No more screenshots, just production snapshots for the family album

And it could have been so nice. Honestly. The cast was quite good but only Eleanor Tomlinson was kinda convincing, while her partner Rafe Spall was a total no-show. Robert Carlyle and Rupert Graves both posess enough operating experience to deliver on quite high level regardless of the circumstances.

“Hi Mom. Look, I’m in the television now!”

Uusally I put quite a bit of trust into the old Beeb. A network that can make superstars out of profanity-shouting cooks and turn a threesome of car-driving blithering numptys into a global success story, and even make shows about home renovations kinda interesting, surely must have the knack for good entertainment. Now they had legendary source material … and mucked it up. Completely!
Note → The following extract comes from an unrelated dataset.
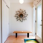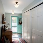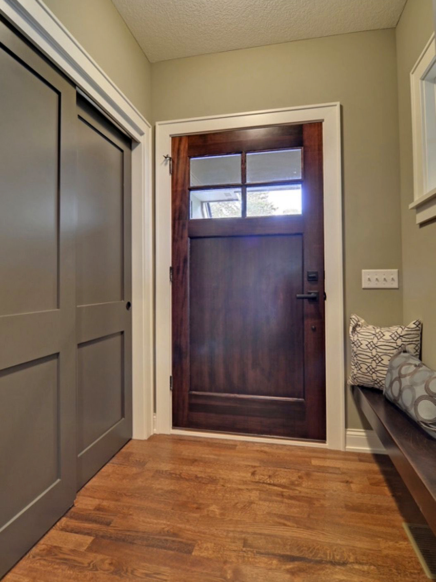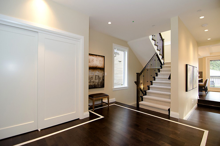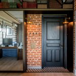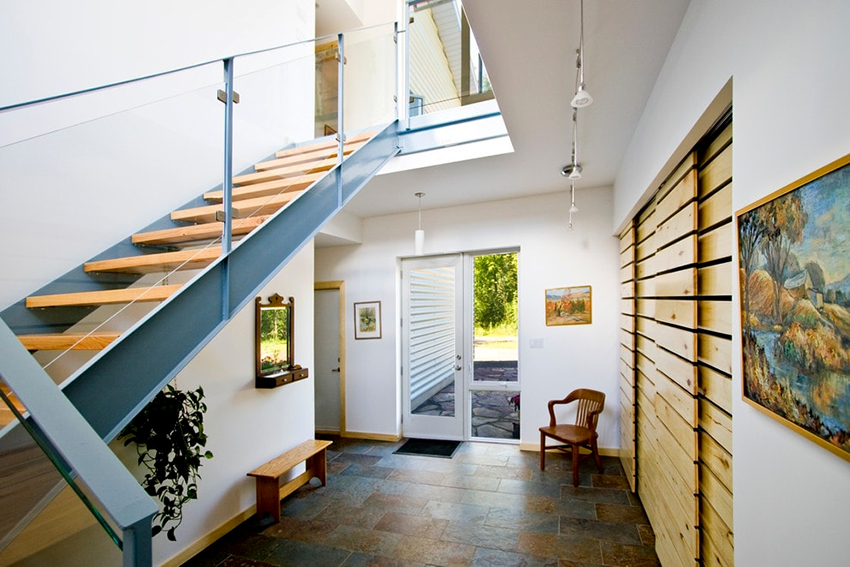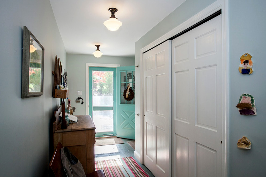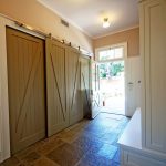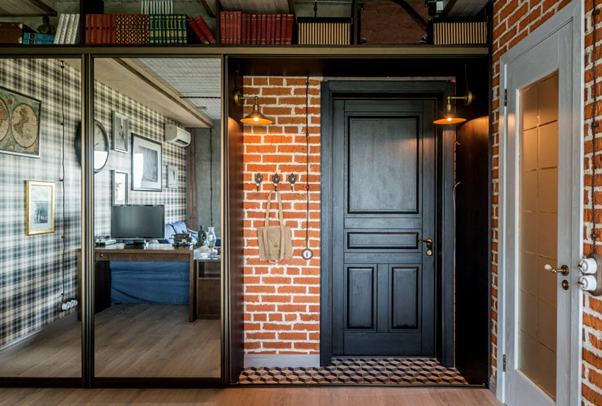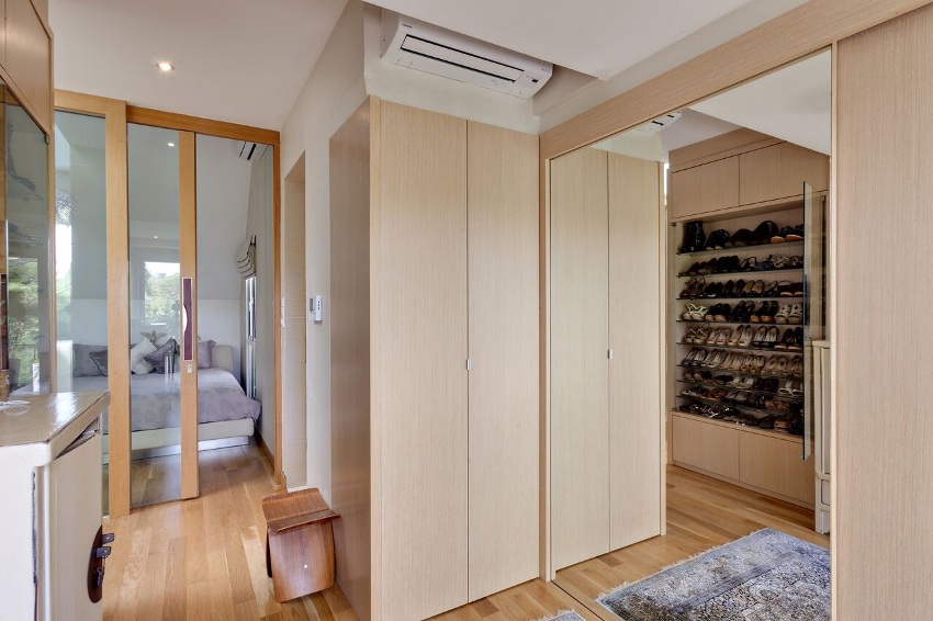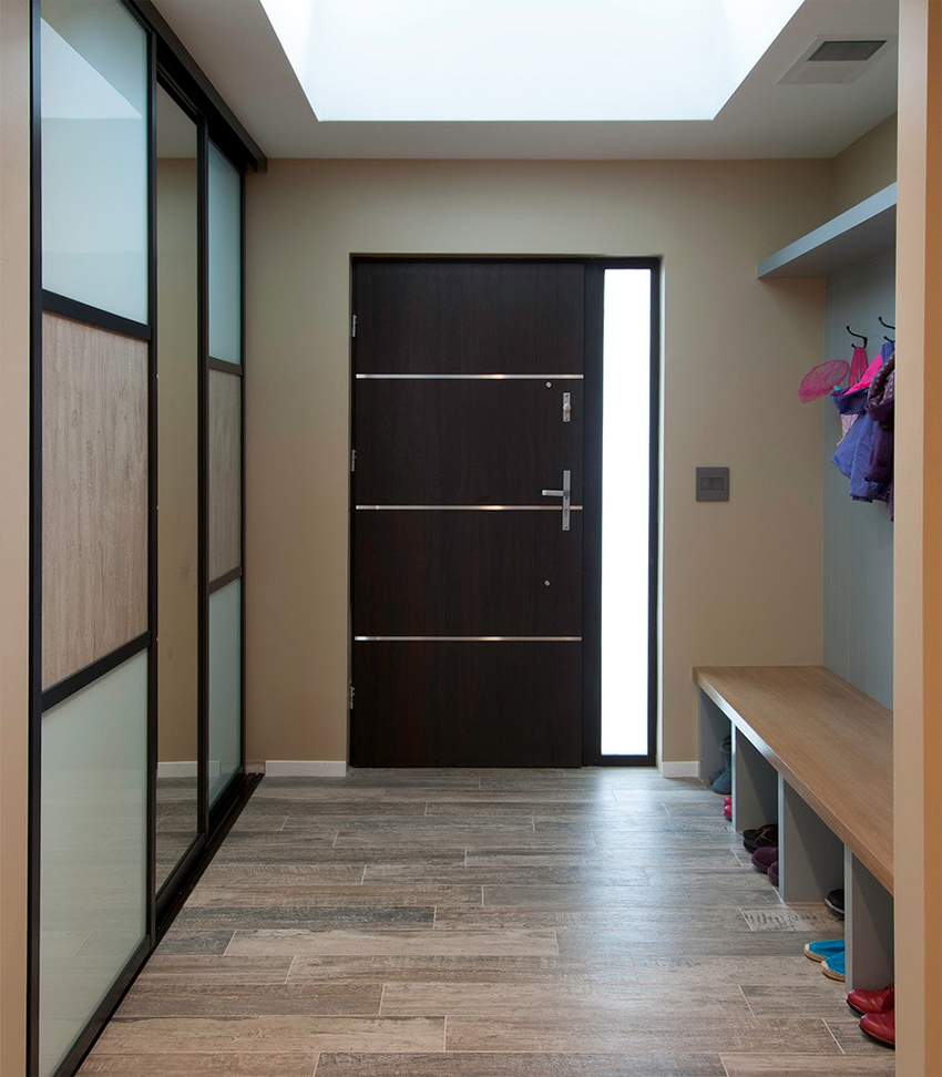 The panel-to-panel construction has side walls. This is a good option for a room with two exits located on the same plane. If the front door is in the middle of the wall, the most appropriate option for rational use of free space is a model with a mezzanine above the opening. The wardrobe frames the door along the perimeter, making it a highlight of the interior.
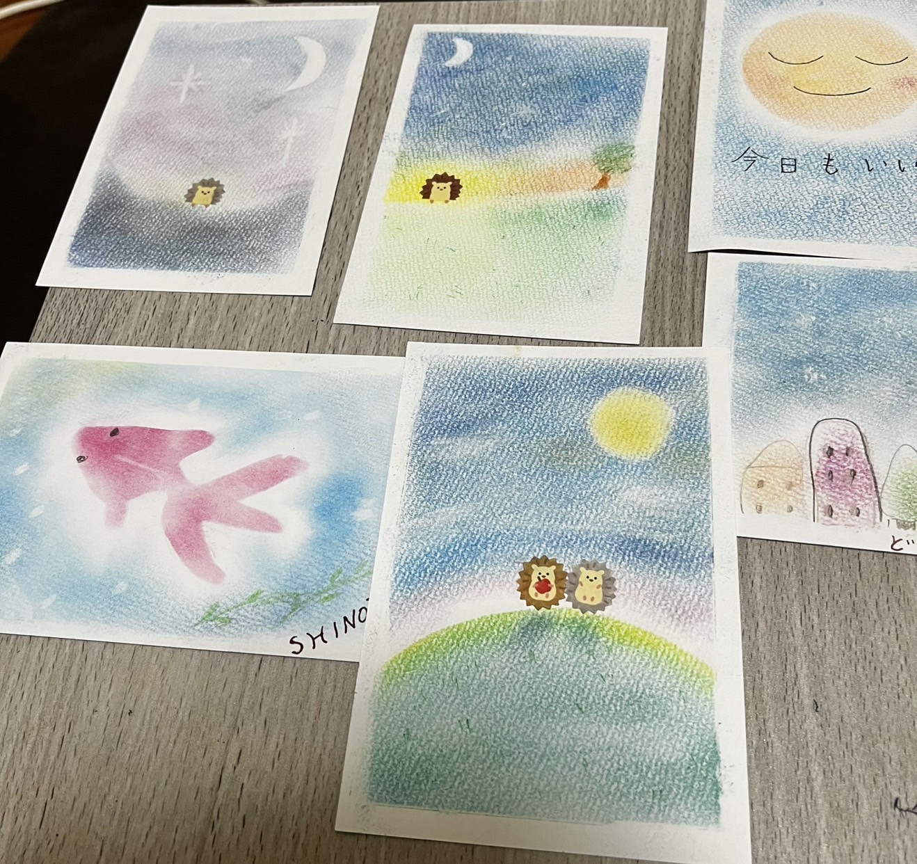ハガキの大きさsizeで初心者でも楽しくできますすよ~(^_-)-☆、自分のメッセージも入れてとても癒しのカードができます。

The War of the Worlds (2019)

Listen, I don’t know what exactly went wrong with this particular production of the old WotW theme, or let’s rather say I know exactly the many many points that were absolutely brain-assplody wrong with it … but I don’t know exactly why and how it happened.

The War of the Worlds (2019)

  • some super duper cretin must have greenlighted one of the worst ever scripts
  • maybe the production did run out of money
  • they tried to stretch a 1.5 hours story to a whopping 3 hours
  • they made nothing of the stuff they already had
  • the BBC was taken over by martians, disguised as millenial SJWs

I rest my case.

Ok, don’t get all excited. Everything you saw in the trailer happened in the first half hour. After that … nuffink. :/



  1. It’s really sad. Explosion and special effects have supplanted dialogue as a requirement for a great film. I am awaited the final season of a well written series called ‘The Man in the High Castle’. It’s very well written.

    Liked by 1 person

  2. YTS is the successor group to the legendary pirate YIFY who was sentenced to pay 32 quadzilion woolongs penalty fee … and gave up his hobby. 😉 With YIFY and YTS you get best quality files of the smallest possible filesizes. And only ripped Blu-ray discs, no handheld shit fresh out of Indonesian cinemas and similar riff-raff.
    We love that service. If you want your movies quick and durty and don’t give a duck about quality there’s always The Pirate Bay. And yes, if you’re dwelling in a heavily supervised civilized society you must use a VPN for all your visits to the dark side of the interwebz. Fortunately we’re living in a truly free country and our ISPs couldn’t give any less mucks about what we do on the net.